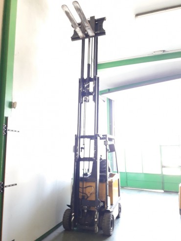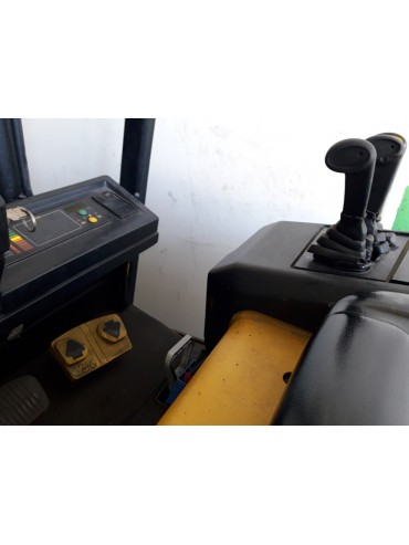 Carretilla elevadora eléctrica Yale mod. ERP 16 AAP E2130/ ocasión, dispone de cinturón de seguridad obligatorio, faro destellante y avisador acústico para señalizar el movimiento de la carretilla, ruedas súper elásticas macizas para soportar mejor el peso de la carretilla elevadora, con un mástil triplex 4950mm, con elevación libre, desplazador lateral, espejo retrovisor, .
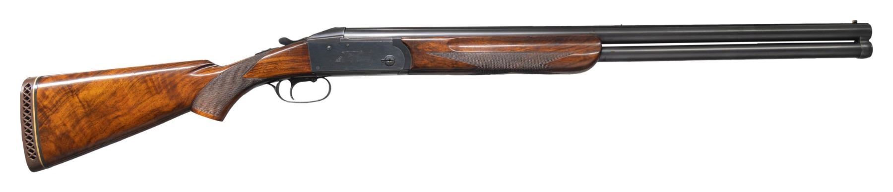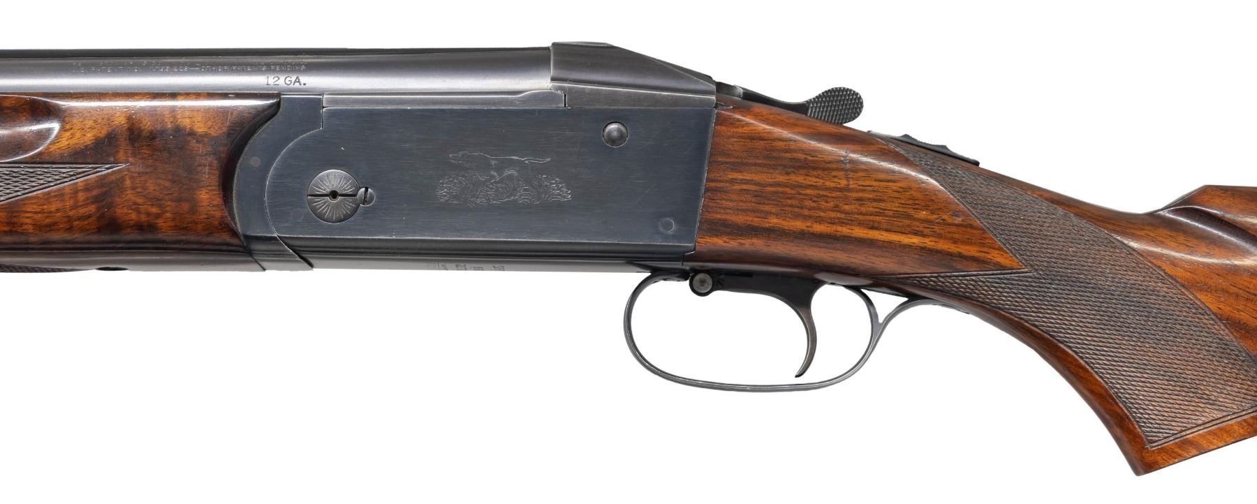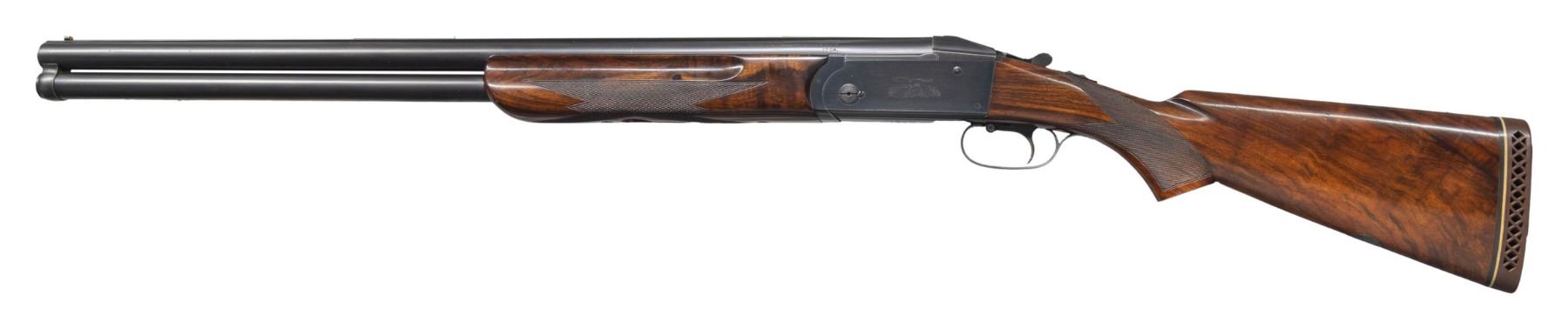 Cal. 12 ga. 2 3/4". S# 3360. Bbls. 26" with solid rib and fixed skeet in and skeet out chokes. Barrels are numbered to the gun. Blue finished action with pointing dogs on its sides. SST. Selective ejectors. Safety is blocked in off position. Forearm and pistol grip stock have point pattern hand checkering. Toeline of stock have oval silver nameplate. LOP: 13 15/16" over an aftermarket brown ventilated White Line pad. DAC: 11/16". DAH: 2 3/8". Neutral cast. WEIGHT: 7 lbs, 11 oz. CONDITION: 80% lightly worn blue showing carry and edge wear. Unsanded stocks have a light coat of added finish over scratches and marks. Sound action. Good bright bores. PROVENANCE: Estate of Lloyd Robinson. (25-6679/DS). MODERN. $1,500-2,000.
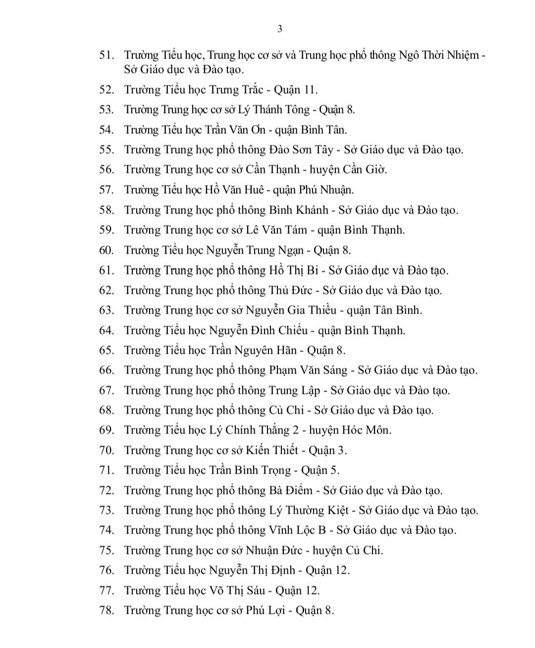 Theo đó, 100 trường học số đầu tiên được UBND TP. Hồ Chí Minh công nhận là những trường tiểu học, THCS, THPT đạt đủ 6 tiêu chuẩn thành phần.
+ + + + + + +
> **TASK TO COMPLETE**
Pictures stay out; everything else in the listing above is to be repeated exactly.

> **ANSWER TO THE PROBLEM**
 Carretilla elevadora eléctrica Yale mod. ERP 16 AAP E2130/ ocasión, dispone de cinturón de seguridad obligatorio, faro destellante y avisador acústico para señalizar el movimiento de la carretilla, ruedas súper elásticas macizas para soportar mejor el peso de la carretilla elevadora, con un mástil triplex 4950mm, con elevación libre, desplazador lateral, espejo retrovisor, .
 Cal. 12 ga. 2 3/4". S# 3360. Bbls. 26" with solid rib and fixed skeet in and skeet out chokes. Barrels are numbered to the gun. Blue finished action with pointing dogs on its sides. SST. Selective ejectors. Safety is blocked in off position. Forearm and pistol grip stock have point pattern hand checkering. Toeline of stock have oval silver nameplate. LOP: 13 15/16" over an aftermarket brown ventilated White Line pad. DAC: 11/16". DAH: 2 3/8". Neutral cast. WEIGHT: 7 lbs, 11 oz. CONDITION: 80% lightly worn blue showing carry and edge wear. Unsanded stocks have a light coat of added finish over scratches and marks. Sound action. Good bright bores. PROVENANCE: Estate of Lloyd Robinson. (25-6679/DS). MODERN. $1,500-2,000.
 Theo đó, 100 trường học số đầu tiên được UBND TP. Hồ Chí Minh công nhận là những trường tiểu học, THCS, THPT đạt đủ 6 tiêu chuẩn thành phần.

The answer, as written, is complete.